Posted by Reese Kaplan at 8:00 AM
It’s Championship Weekend for the NFL and we’ll soon know who advances to the Superbowl and who goes home until mini camps open in August. There’s quality in all four teams yet there are stark differences in how they got to where they are. Some of that skill and fortitude made me compare and contrast the Mets’ own quest for a title.
They are an offensive juggernaut. They rank 7th all time in points per game. They are the Big Red Machine or 1927 Yankeees. Considering how often the Mets struggled to score at all, there is not even a vague parallel to the current Mets team. However, they’re not a one-trick pony. They have a prolific starting quarterback in Matt Ryan, one of the league’s best receivers in Julio Jones, two quality and capable running backs in Devonta Freeman and Tevin Campbell. The Mets hit the long ball. Nothing else. Oh yeah..they also have the guy who leads the league in sacks – Vic Beasley. So they have a balanced attack on both sides of the ball. The Mets’ own defense is pretty offensive. While they are adept at keeping the opposition from scoring, that’s more a tribute to their fine pitching.

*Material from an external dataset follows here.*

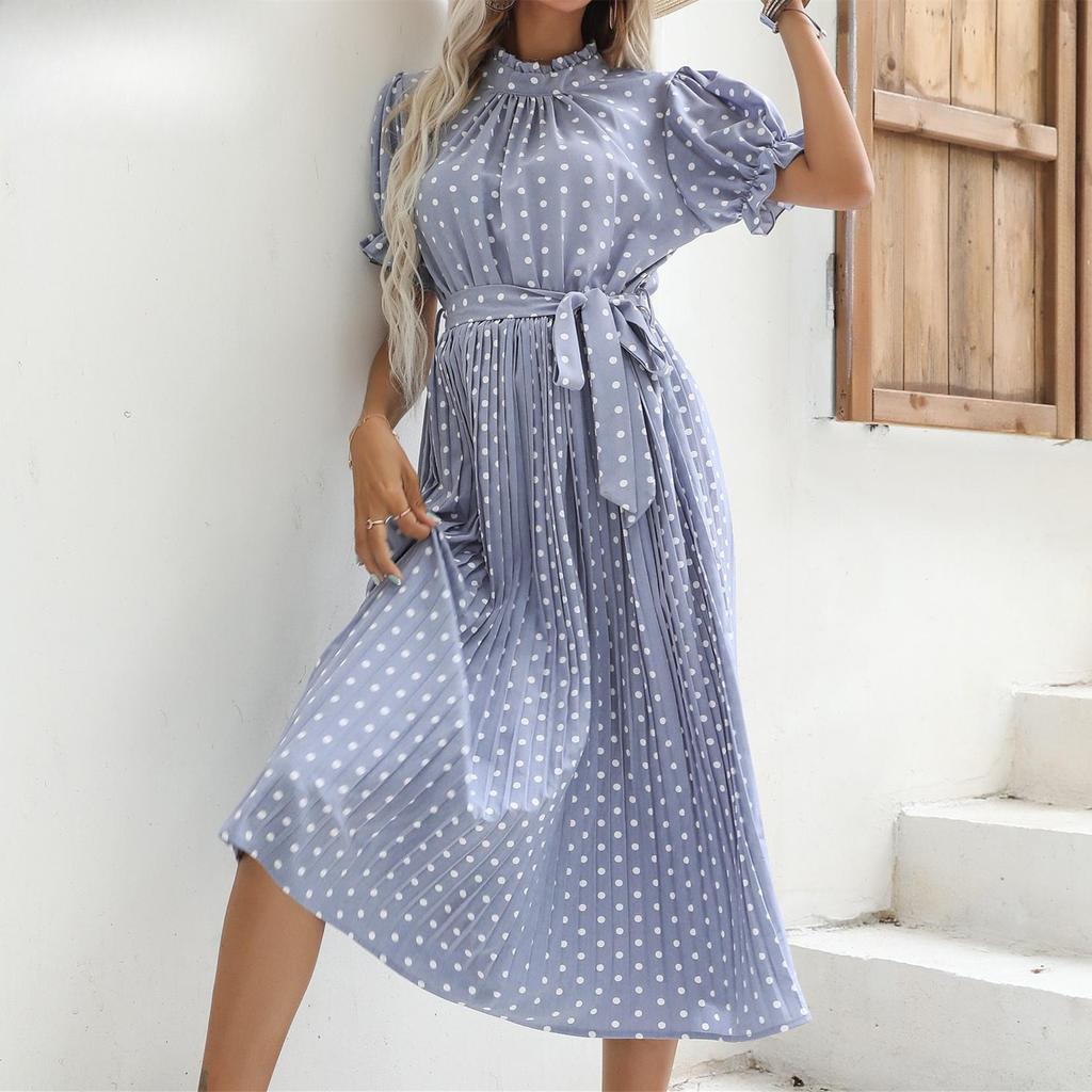 Damenmode Polka Dot Sommer Kurzarm O-Ausschnitt Freizeitkleider

Anyone who’s read my thoughts on the Mets is going to be quite surprised by my parallel here. The Packers looked dead and buried until they rallied around their leader, Aaron Rodgers, who pretty much single handedly motivated his team back into contention. Given the outcomes of the past two years, that seems to describe what the apologists attribute to one Terry Collins When the Mets looked lost and ready to pack it in, he was able to keep them focused enough to get into the post season. Despite injuries that threatened their season the Packers are on the brink. However, this parallel is an unfortunate one as I believe the Packers will have hit the end of the road when they face the superior Falcons, just as Terry Collins was not able to motivate his team to win when the game was on the line. Then again, no one is better at the Hail Mary than Aaron Rodgers...

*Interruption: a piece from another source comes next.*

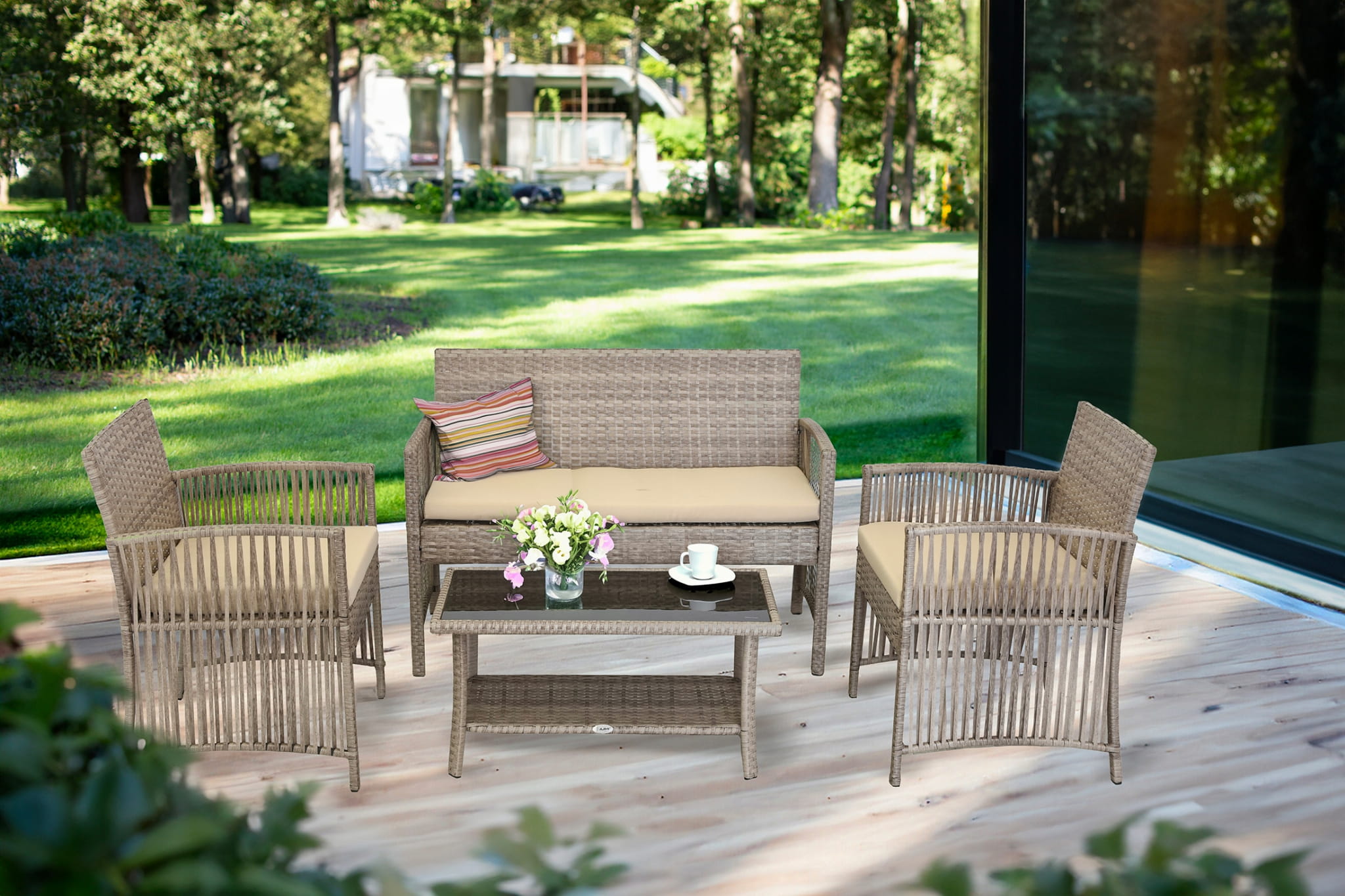 Set mobilier gradina/terasa, bej, 1 masa, 2 scaune, 1 canapea, Jumi

Lead by a Bartolo Colon-like heavy, slow but consistently competent older quarterback, the Steelers have been able to blend in superior young talent on offense like LeVeon Bell and Antonio Brown to know they legitimately have a shot of scoring any time they need to do so. Their once vaunted defense was transformed through the draft and a slew of young players combined to give the Terrible Towel bunch a way of stopping opposing offenses, something they were not able to do last year and early this year. Imagine a team that had enough confidence in its young, unproven players to give them the chance to grow and not bench them after a brief slump (or inexplicably after a good game). Mike Tomlin is no Terry Collins and everyone in Pittsburgh is very happy about that indeed.

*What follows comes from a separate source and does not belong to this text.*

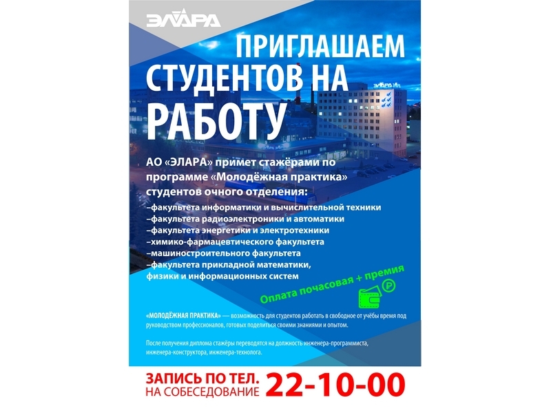 АО "ЭЛАРА" примет стажерами по программе "Молодежная практика" студентов очного отделения:

Here you have the very blueprint for how a franchise should be run. They constantly look to improve their roster. That’s very un-Alderson of them. They almost never make mistakes. That’s very un-Collins. They use the rules to their advantage and seek to maximize every edge they can find. Again, I find no parallel to Collins. They are not above breaking the rules. I can’t say I’ve ever seen the Mets do that on the field since the allegedly corked bats of Howard Johnson. They don’t care about personal character so long as the player performs and helps them win. Drunk driver Michael Floyd is the latest example of that. Well, the Mets go both ways on character issues. They have turned a blind eye to the likes of Jose Reyes, Jeurys Familia, Marlon Byrd and Bartolo Colon, but quickly parted ways with Frankie Rodriguez and seem ready to do so with Jenrry Mejia. Even though the Mets are not as squeaky clean as they once tried to be it makes you wonder how they would have handled the Aaron Hernandez situation. The Patriots released him immediately and took the salary cap hit when it would have been more beneficial financially to leave him on the roster and have him forfeit his salary as his incarceration made him unable to play. I’d like to think that the Mets would have held public opinion and principle as highly as the Patriots did, but I wouldn’t bet the ranch on it.
My prediction is a Patriots-Falcons Superbowl with my hope being that the Falcons somehow emerge victorious. In the words of comedian Doug Stanhope, “Rooting for the Yankees is like going to a casino and rooting for the house.” Rooting for the Patriots is the football equivalent.